FROM NATURE AND THE NEW ENGLAND JOURNAL OF MEDICINE

Two new studies appear to lend strong support for the theory that an overabundance of the amyloid-beta protein is the root cause of Alzheimer’s disease.

A genetic study of 1,800 residents of Iceland discovered a rare mutation that apparently protects against the disease in those who carry it, and even staves off the disease in those genetically programmed to develop it – probably by blocking the formation of amyloid-beta.

A second study, published July 11 in the New England Journal of Medicine, found that a processed fragment of amyloid-beta, called amyloid-beta-42 (Abeta42), begins to accumulate in the brain 25 years before symptoms appear in people with a mutation in one of three genes that is known to cause early-onset Alzheimer’s disease, suggesting that amyloid deposition initiates the cascade of physiologic and cognitive changes that culminate in full-blown AD.

"Our data suggest that amyloid deposition will develop and be detectable in all persons with a mutation while they are still asymptomatic," wrote Dr. Randall J. Bateman, professor of neurology at Washington University, St. Louis, and his colleagues. "These findings suggest that targeting amyloid-beta earlier in the course of the disease may provide better clinical outcomes than the treatment of mild to moderate dementia after substantial neuronal and synaptic loss has occurred" (N. Engl. J. Med. 2012 July 11 [doi: 10.1056/NEJMoa1202753]).

Dr. Kari Stefansson, chief executive officer of deCODE Genetics in Reykjavik, led the Icelandic study. He and his colleagues sought to discover any unusual genetic risk factors for AD in a group of about 1,800 subjects. The researchers focused on variants of the amyloid precursor protein gene (APP), because different enzymes can either split this protein into a harmless fragment or change it into Abeta42 – the form that aggregates into AD brain plaques.

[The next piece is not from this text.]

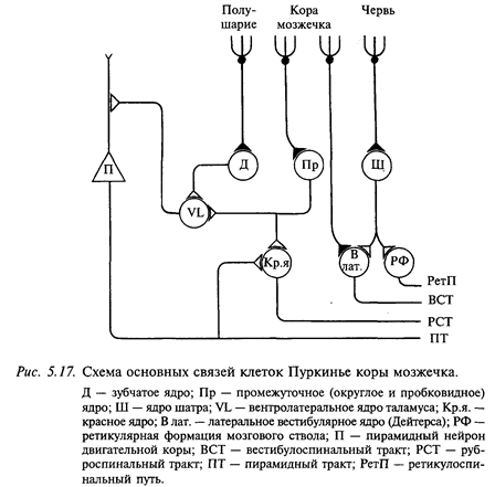 Единственным эфферентным выходом из коры мозжечка являются аксоны клеток Пуркинье, образующие синапсы с нейронами внутримозжечковых ядер и нейронами латерального вестибулярного ядра (рис. 5.17). Тесная связь ядра Дейтерса с корой мозжечка дает основание рассматривать его функционально как внутримозжечковое ядро. Все остальные образования головного и спинного мозга не получают прямых эфферентов из коры мозжечка. Ядра шатра посылают волокна к ядрам Дейтерса и к ретикулярной формации продолговатого мозга. Из области ретикулярной формации, где оканчиваются пути от мозжечка, берет начало ретикулоспинальный путь. Промежуточные ядра посылают аксоны в средний мозг, в том числе к красному ядру. Мощные пучки волокон, образованные преимущественно аксонами нейронов зубчатого ядра, направляются к вентролатеральному ядру таламуса, где происходит синаптическое переключение, и аксоны постсинаптических нейронов идут в моторную область коры больших полушарий; часть аксонов направляется к базальным ядрам. Таким образом, мозжечок не имеет самостоятельных двигательных систем, но образует обширные связи со всеми моторными системами: кортикоспинальной (пирамидной), руброспинальной, ретику-лоспинальной, вестибулоспинальной, а также с полосатым телом.

In the initial group, Dr. Stefansson and his colleagues looked for every APP variant that occurred in more than one person, and then imputed these into a database of 72,000 Icelanders who had already been genotyped. A computer program estimated how many times each allele might occur in almost 300,000 relatives of these subjects (Nature 2012 July 11 [doi: 10.1038/nature11283]).

The researchers found a mutation (A673T) in APP that was significantly more common in those without AD than in those with it. The variant was rare, occurring in 0.14% of those with Alzheimer’s, 0.45% of overall population-based controls, 0.62% of controls aged 85 years or older, and 0.79% of controls older than 85 who were still cognitively intact. Nevertheless, the authors concluded, the presence of the variant exerted a protective effect against the disease.

This was even more apparent in risk analyses. Compared with the group of people with AD, the gene was four times more likely to appear in the general population, five times more likely to occur in those 85 years or older, and nearly eight times more common among a group of cognitively healthy subjects who were 85 or older.

The allele also appeared to protect against expected age-related cognitive decline in elderly people who did not have AD, the authors noted. In a comparison of 41 allele carriers and 3,700 noncarriers, all of whom were 80-100 years old, those with the protective allele had significantly better cognitive ability. The relationship remained strong even after removal of patients with AD from the noncarrier group.

"Removing known Alzheimer’s disease cases [from this analysis] suggests that the protective effect of A673T extends beyond the boundaries of the Alzheimer’s disease phenotype," the investigators wrote.

The mutation’s benefit probably arises from its influence over APP fragmentation, the researchers said. Three enzymes – alpha-, beta-, and gamma-secretase – can cleave the APP protein. If alpha-secretase splits the protein, no further fragmentation occurs. When gamma-secretase splits APP, it sets the stage for beta-secretase (BACE1) to finish the job, producing Abeta42, the form most likely to aggregate into brain plaques.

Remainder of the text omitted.